Em quatro dias houve três agressões em Portugal imputadas a neonazis. Espancaram atores, voluntárias que alimentavam pessoas em situação de abrigo – um polícia que interveio-, e também um homem que lhes apareceu. A primeira versão do Relatório Anual de Segurança Interna tinha um capítulo que abordava a violência provocada por grupos da extrema-direita. O governo decidiu suprimir esse capítulo. Pelas piores razões sabemos hoje a ameaça que estes grupos constituem – e este é só o começo. Também há pouco tempo foi noticiado o esforço que existe para constituir uma milícia. Não estamos a falar de escaramuças políticas pontuais, mas de violência organizada. Estamos a falar de um esforço de recrutamento que está a acontecer debaixo do nosso nariz. Como colocou a atriz e encenadora Maria do Céu Guerra: como é que isto é possível que no nosso país 30 anos depois de Alcindo Monteiro ter sido morto no Bairro Alto e envolvendo pessoas que participaram nesse crime?

Quando se fala sobre discurso de ódio, sobre a discriminação nas ações e que começa nas palavras, estamos, na verdade, a falar sobre a legitimação das ações discriminatórias. Estamos a falar de como normalizar o insulto pelo apela a caraterísticas leva ao sentimento de legitimação de formas de violência a pessoas meramente por possuírem essas características. Foi assim com o antissemitismo que levou ao holocausto, é assim com o racismo e a xenofobia em relação a grupos que, em bom rigor, são escolhidos como bodes expiatórios.

Aquilo que vemos em Portugal é o fortalecimento desse discurso de ódio, mesmo que se refute cada «argumento» apresentado, mesmo que se demonstre que a sua alimentação é à base da mentira. Neste momento a segunda força parlamentar em Portugal é o principal veículo desse discurso, pelo que a sua normalização nunca foi tão forte no Portugal democrático. Perdeu-se a vergonha. Hoje dizer que «era bom era no Estado Novo» já não é motivo de embaraço e, no limite, é tido com indiferença.

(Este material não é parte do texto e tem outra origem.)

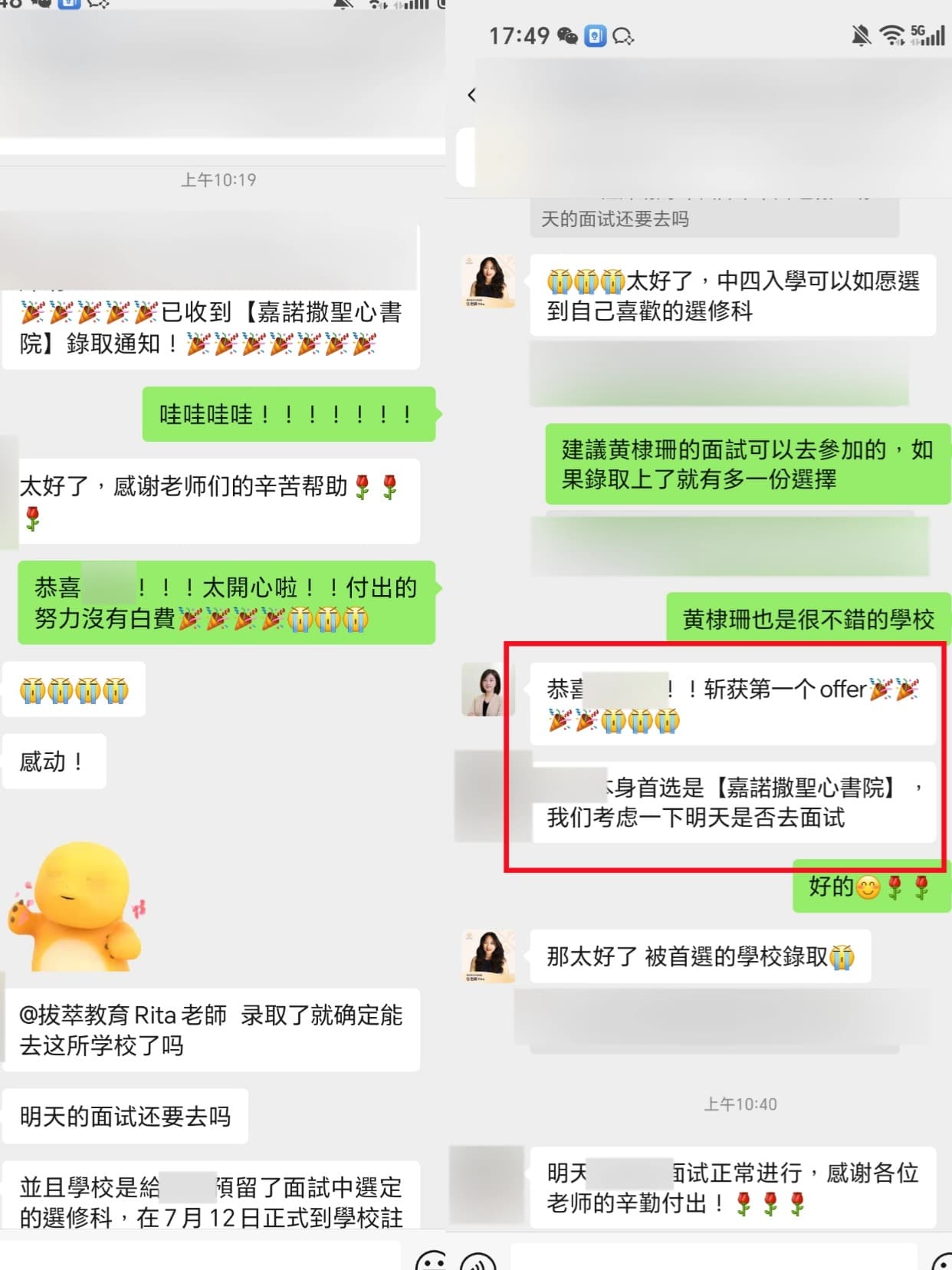 最近的插班考试季,拔萃老师们都忙晕,帮忙整理学生材料、安排学生笔试、面试课程~都快把我累透支~辛亏功夫不负有心人,我们学生接连拿下满意的学校offer~其中有2组还是一举夺魁,第一份offer就是孩子的目标首选学校

Aquilo que nos chega do redor do mundo é que esta insanidade é internacional. A violência que se antecipa em Portugal já existe noutros países e existem exemplos onde o poder foi tomado por essas ideologias autoritárias. Os Estados Unidos de Trump são o expoente: em menos de 6 meses, foi instalado um regime de terror que desumaniza os imigrantes, deporta-os indiscriminadamente, dispara sobre manifestantes, impede eleitos federais de acederem a instalações de detenção, algema um senador por abrir a boca, olha para o genocídio em Gaza e só diz que o local era ideal para uma resort, discrimina jornalistas, acaba com programas de ajuda humanitária, assedia cidadãos que contestam as suas posições, corta financiamento às universidades que não acarretam a sua censura,… Isto tudo naquela que é a «liderança do mundo livre». Nós não somos imunes.

Não nos podemos dar ao luxo de ficar calados e quietos. Não seremos coniventes com quem nos quer incutir o medo e tirar a liberdade.

Permitam-me terminar com as palavras de Lídia Jorge no discurso de 10 de junho de 2025 que podem ter passado um pouco ao lado:

«Mas alguma coisa desse outro fim de século, que se seguiu ao tempo da Renascença malograda, relaciona-se com os dias que estamos a viver. O poder demente, aliado ao triunfalismo tecnológico, faz que a cada dia, a cada manhã, ao irmos ao encontro das notícias da noite, sintamos como a terra redonda é disputada por vários pescoços em competição, como se mais uma vez se tratasse de um berloque.

E os cidadãos são apenas público, que assiste a espetáculos em ecrãs de bolso. Por alguma razão, os cidadãos hoje regrediram à subtil designação de seguidores. E os seus ídolos são fantasmas.»